A Practical Priority Order
You don't have to secure everything at once. Work through this list in order:
- Email accounts first. Your email is the master key — it resets every other password. Secure Gmail, Outlook, iCloud Mail, or whatever you use before anything else. Use an authenticator app or hardware key, not SMS.
- Financial accounts. Banks, investment accounts, PayPal, Venmo, and any account connected to a payment method.
- Social media. Compromised social accounts are used to scam your contacts and can be nearly impossible to recover. Facebook, Instagram, and X deserve 2FA.
- Password manager. If you use one, protect it with a hardware key or the strongest 2FA it supports.
- Everything else. Work through your remaining accounts using your password manager's list — most will flag which accounts support 2FA.

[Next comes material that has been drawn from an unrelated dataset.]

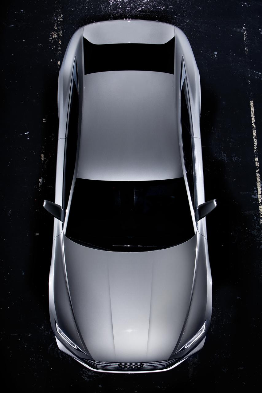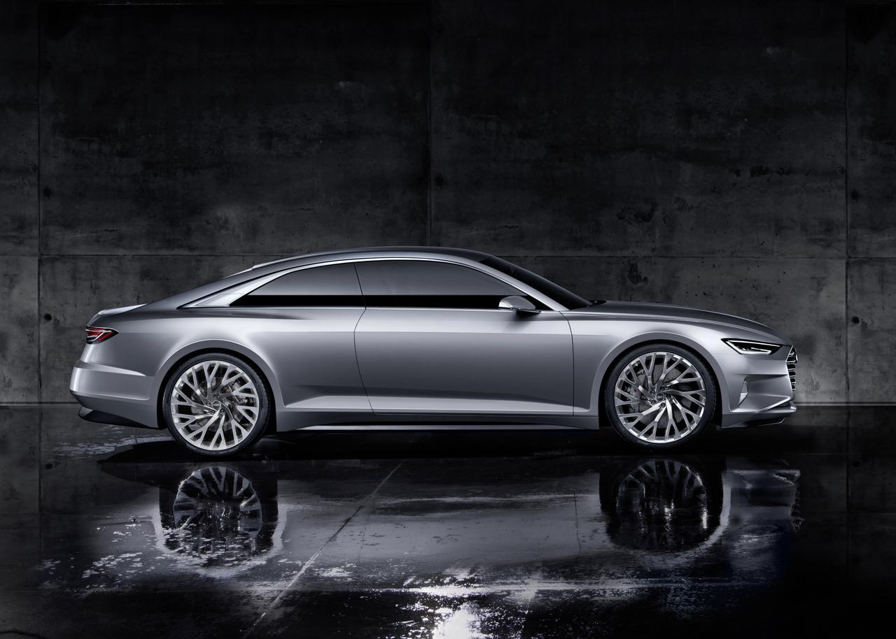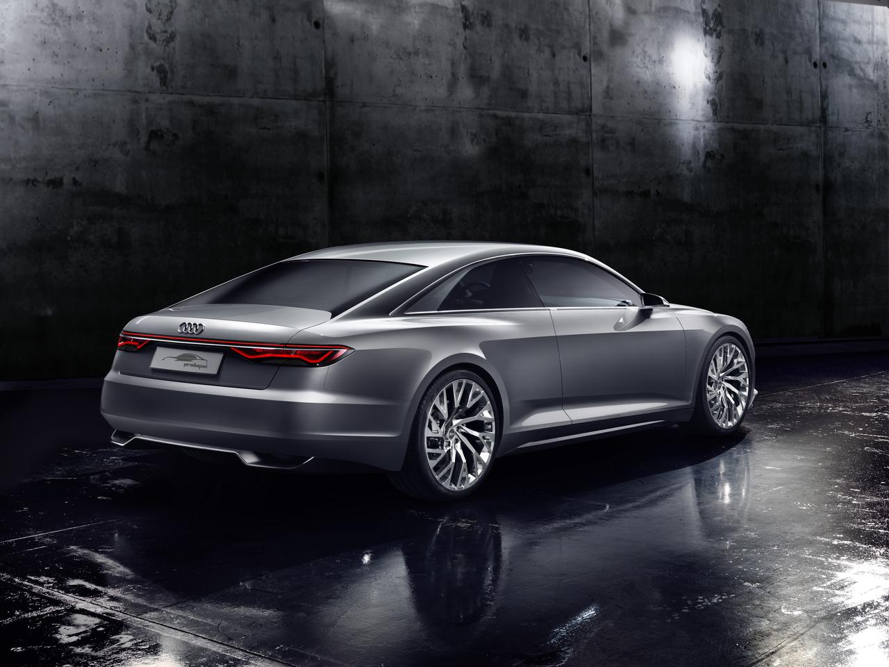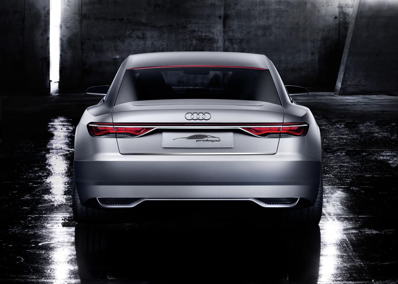 Compared to the Audi A8 production model, the Prologue is noticeably shorter and flatter, with a length of 5.10 m, a width of 1.96 m, and a height of 1.39 m. Immediately obvious as well is the car's low front end, with an even wider radiator grill that is positioned lower than most cars today. View head-on, the Prologue has a distinct horizontal design that its designers believe convey an atmosphere of powerful dynamics. That perception is confirmed by the Prologue's 4.0 liter TFSI engine, delivering 605 hp of power and a 553.2 lb-ft torque that lets it accelerate from 0 to 100 km/h in just 3.7 seconds.

2FA Is One Layer — Not the Whole Defense
Two-factor authentication is powerful, but it works best as part of a broader security posture. SIM swap attacks, for example, succeed not because 2FA is broken, but because attackers build a convincing profile of the target using personal data scraped from data broker sites — your phone number, address, date of birth, and family members' names.
PrivacyOn addresses that upstream risk by automating opt-out requests across 100+ data brokers and people-search sites. When your personal information is harder to find, social engineering attacks become harder to execute, SIM swaps become harder to pull off, and targeted phishing becomes less effective. 2FA protects your accounts from unauthorized login; removing your data from brokers makes you a harder target in the first place. Together, they form a much stronger defense than either one alone.
Start today: pick your most important account, turn on 2FA using an authenticator app, and save the backup codes somewhere safe. Then work down the list. An hour of setup now can prevent months of trying to recover a compromised account later.